During the year ended December 31, 2010, we recorded $3.9 million of legal settlement costs. These costs were the result of an independent arbitration award against the Company in a lawsuit brought by JPD, Inc. and James P. DiCello, the sellers of Northland Medical Pharmacy (“Northland”), which was purchased in late 2005 by Chronimed Holdings, Inc. (“Chronimed”), a wholly-owned subsidiary of the Company.  

Leases

The Company leases its facilities and certain equipment under various operating leases with third parties. The majority of these leases contain escalation clauses that increase base rent payments based upon either the Consumer Price Index or an agreed upon schedule.

In addition, the Company utilizes capital leases agreements with third parties to obtain certain assets such as telecommunications equipment and vehicles. Interest rates on capital leases are both fixed and variable and range from 1.0% to 5.5%.

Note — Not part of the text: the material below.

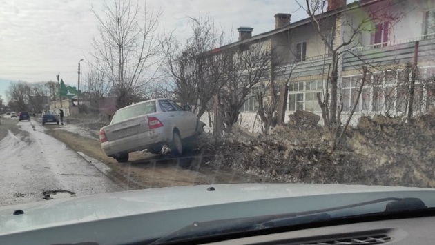Lada Priora вылетела с проезжей части на обочину. Судя по фотографиям, у машины серьёзно повреждён бампер. Автомобиль врезался в один из придорожных сугробов, которые сейчас представляют собой плотно слежавшуюся массу снега и льда.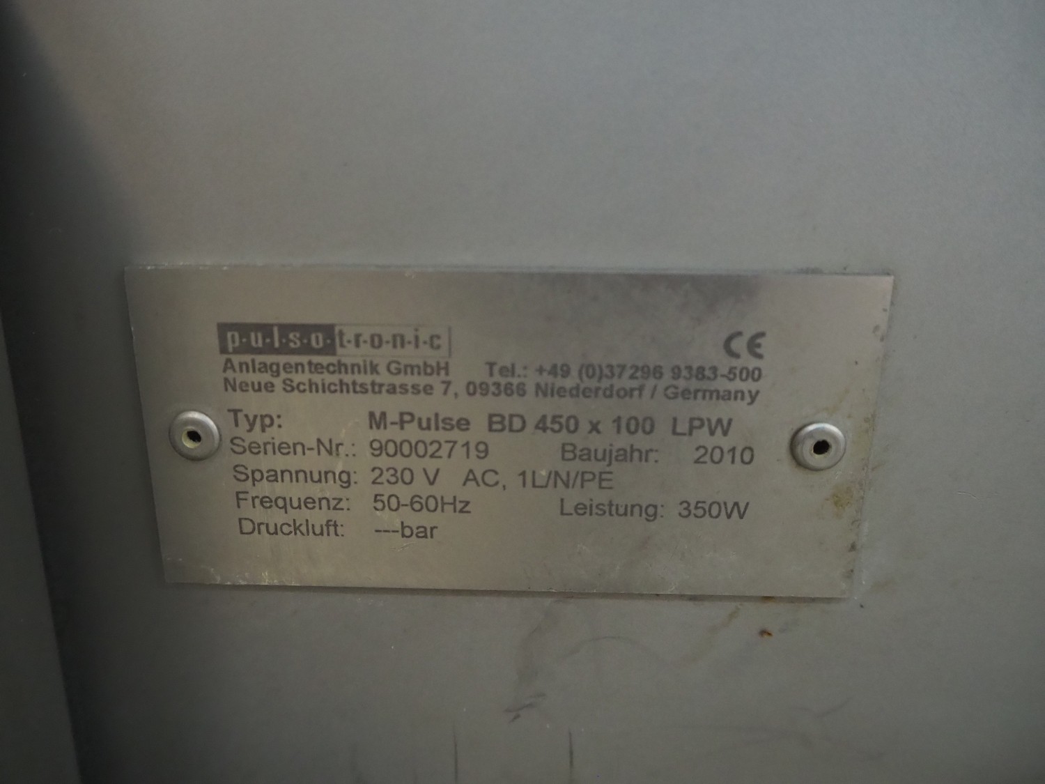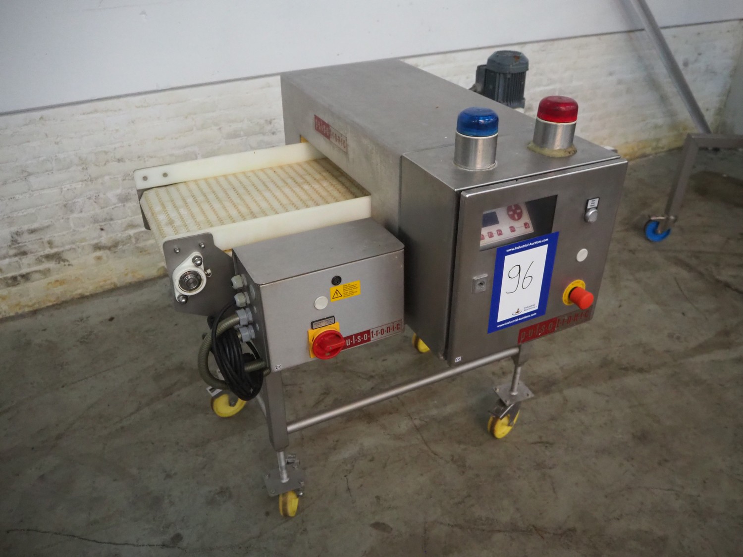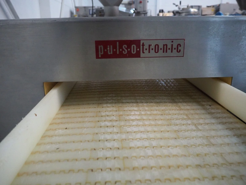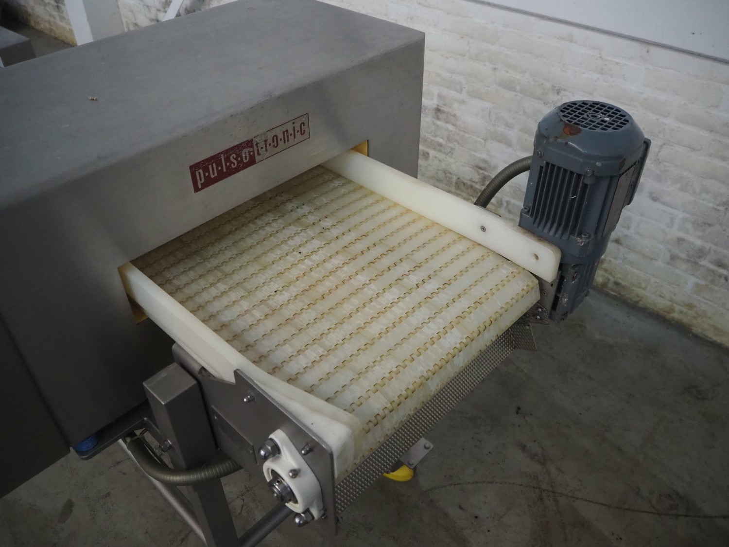 Pulsotronic mobile metal detector, type: M-Pulse BD 450x100 LPW, serial number: 90002719, year of construction: 2010, 230 V, 1 Ph, 50-60 Hz, 350 W, plastic belt, belt width: 405 mm, clearance: 450 mm x 70 mm, total dimensions: 1200 mm x 940 mm x 1160 mm.

As of December 31, 2011, future minimum lease payments under operating and capital leases are as follows (in thousands):

 
Operating Leases
Capital Leases
Total
2012
$
7,568

$
2,360

$
9,928

2013
4,924

2,090

7,014

2014
3,600

184

3,784

2015
2,691

159

2,850

2016
1,787

3

1,790

2017 and thereafter
3,616


3,616

Total
$
24,186

$
4,796

$
28,982


Rent expense for leased facilities and equipment was approximately $9.2 million, $8.3 million and $5.1 million for the years ended December 31, 2011, 2010 and 2009, respectively.

Letters of Credit

At December 31, 2010, there was $4.3 million of cash on deposit as collateral for certain letters of credit from commercial banks obtained in the ordinary course of business. The collateral was included in prepaid expenses and other current assets on the Consolidated Balance Sheets. During the year ended December 31, 2011, the Company was refunded the $4.3 million as collateral was no longer required for the letters of credit.

Purchase Commitments

As of December 31, 2011, the Company had commitments to purchase prescription drugs from drug manufacturers of approximately $27.8 million in 2012.  These purchase commitments are made at levels expected to be used in the normal course of business.